## Description of the task:
Every line below must be copied as written, except for pictures.

## Dataset records:
──────────────────────────────
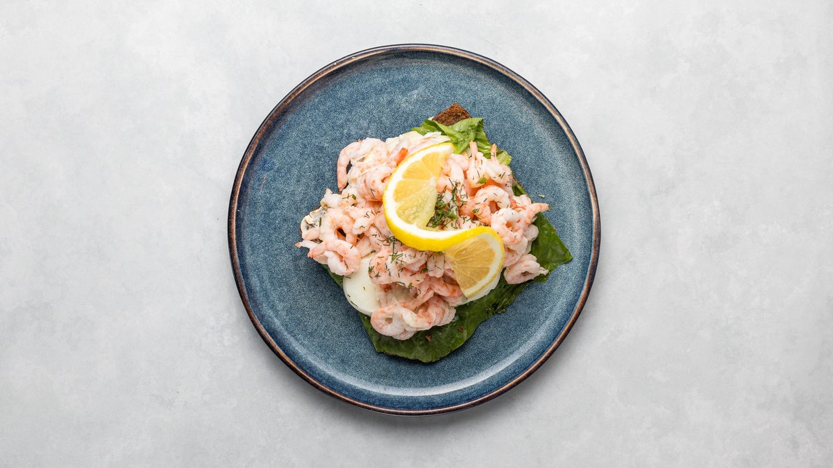 Skagenröra toppad med handskalade räkor samt citronklyfta.
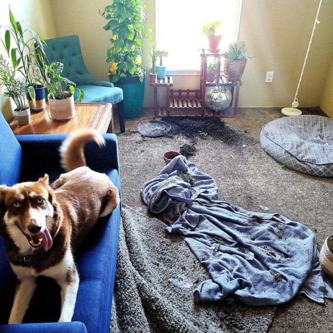 Kwiat w doniczce sam się zniszczył. Pies nie miał z tym nic wspólnego.
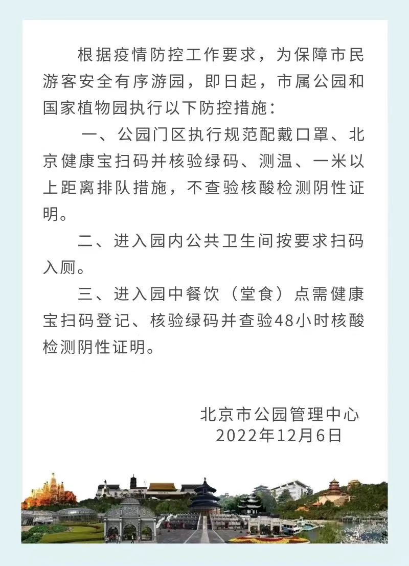 根据疫情防控工作要求,为保障市民游客安全有序游园,即日起,市属公园和国家植物园执行以下防控措施:
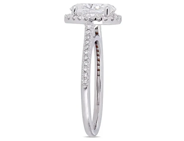 2.00 Carat (ctw) Synthetic Moissanite Halo Engagement Ring 14K White Gold with 1/5 Carat (ctw I1-I2) Diamonds 1 This unique and sophisticated synthetic moissanite engagement ring is crafted in 14 karat white gold and features an oval-cut, prong-set created moissanite at its center in a double halo of 46 round-cut, buttercup-set radiant diamonds with shimmer along the shank. With exquisite luster and incredible shine, choose this style for your bride-to-be as you celebrate this special milestone and begin the next stage of your lives together. Moisannite is the perfect replacement for a diamond and comparable to or even surpassing the clarity, and color of a diamond. Beautifully crafted in 14k white gold with a Polished Finish Stone Type: Moissanite; Color: White; 2.00 CTW; Quantity: 1; Brilliant Cut; Oval Shape; Dimensions: 9x7 mm; Lab Created; 4-Prong Setting Stone Type: Diamond; Color: H-I; Clarity: I1-I2; 0.23 CTW; Quantity: 46; Brilliant Cut; Round Shape; Natural; Prong Setting This item ships in signature jewelry box packaging, ready for gift-giving with a classic, elegant look and feel This Diamond Engagement Ring is the perfect gift for any bridal engagement, birthday, anniversary, holidays, thank you, thinking of you, or for any reason at all SKU: 08DLG1004035MOIW-P
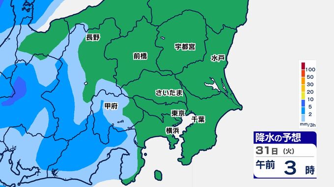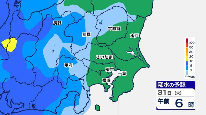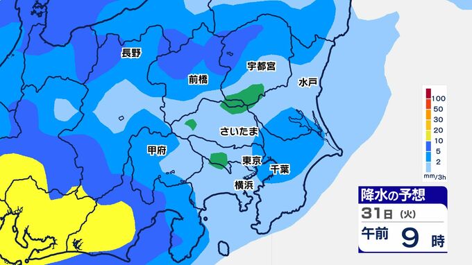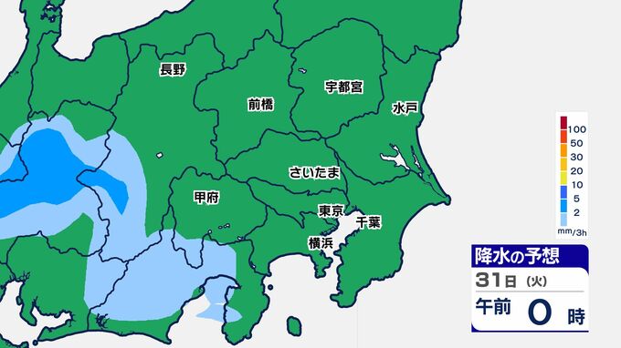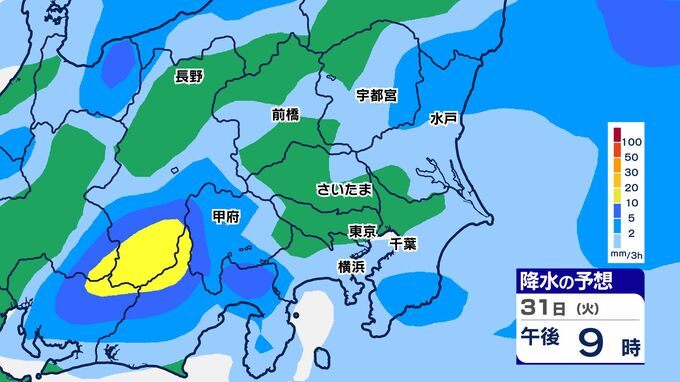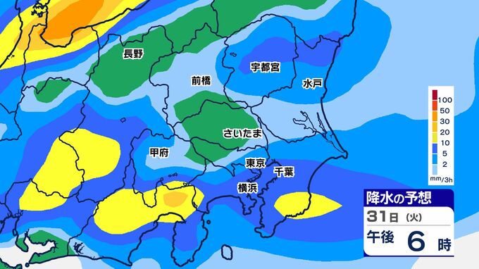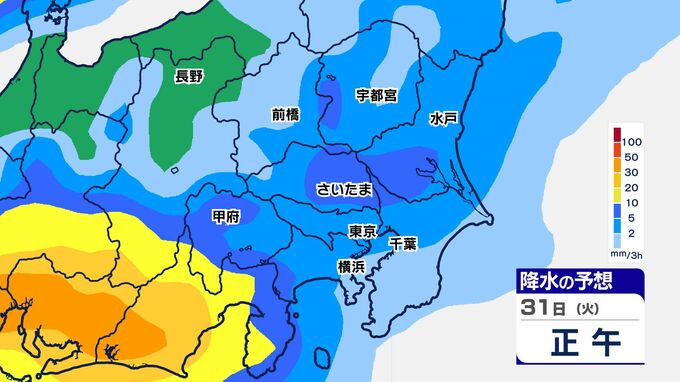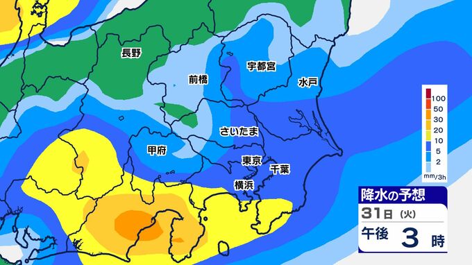 31日(火)は、関東南部でまとまった雨になり、神奈川県では大雨警報が発表される可能性があります。
──────────────────────────────
## Exercise response:
 Skagenröra toppad med handskalade räkor samt citronklyfta.
 Kwiat w doniczce sam się zniszczył. Pies nie miał z tym nic wspólnego.
 根据疫情防控工作要求,为保障市民游客安全有序游园,即日起,市属公园和国家植物园执行以下防控措施:
 2.00 Carat (ctw) Synthetic Moissanite Halo Engagement Ring 14K White Gold with 1/5 Carat (ctw I1-I2) Diamonds 1 This unique and sophisticated synthetic moissanite engagement ring is crafted in 14 karat white gold and features an oval-cut, prong-set created moissanite at its center in a double halo of 46 round-cut, buttercup-set radiant diamonds with shimmer along the shank. With exquisite luster and incredible shine, choose this style for your bride-to-be as you celebrate this special milestone and begin the next stage of your lives together. Moisannite is the perfect replacement for a diamond and comparable to or even surpassing the clarity, and color of a diamond. Beautifully crafted in 14k white gold with a Polished Finish Stone Type: Moissanite; Color: White; 2.00 CTW; Quantity: 1; Brilliant Cut; Oval Shape; Dimensions: 9x7 mm; Lab Created; 4-Prong Setting Stone Type: Diamond; Color: H-I; Clarity: I1-I2; 0.23 CTW; Quantity: 46; Brilliant Cut; Round Shape; Natural; Prong Setting This item ships in signature jewelry box packaging, ready for gift-giving with a classic, elegant look and feel This Diamond Engagement Ring is the perfect gift for any bridal engagement, birthday, anniversary, holidays, thank you, thinking of you, or for any reason at all SKU: 08DLG1004035MOIW-P
 31日(火)は、関東南部でまとまった雨になり、神奈川県では大雨警報が発表される可能性があります。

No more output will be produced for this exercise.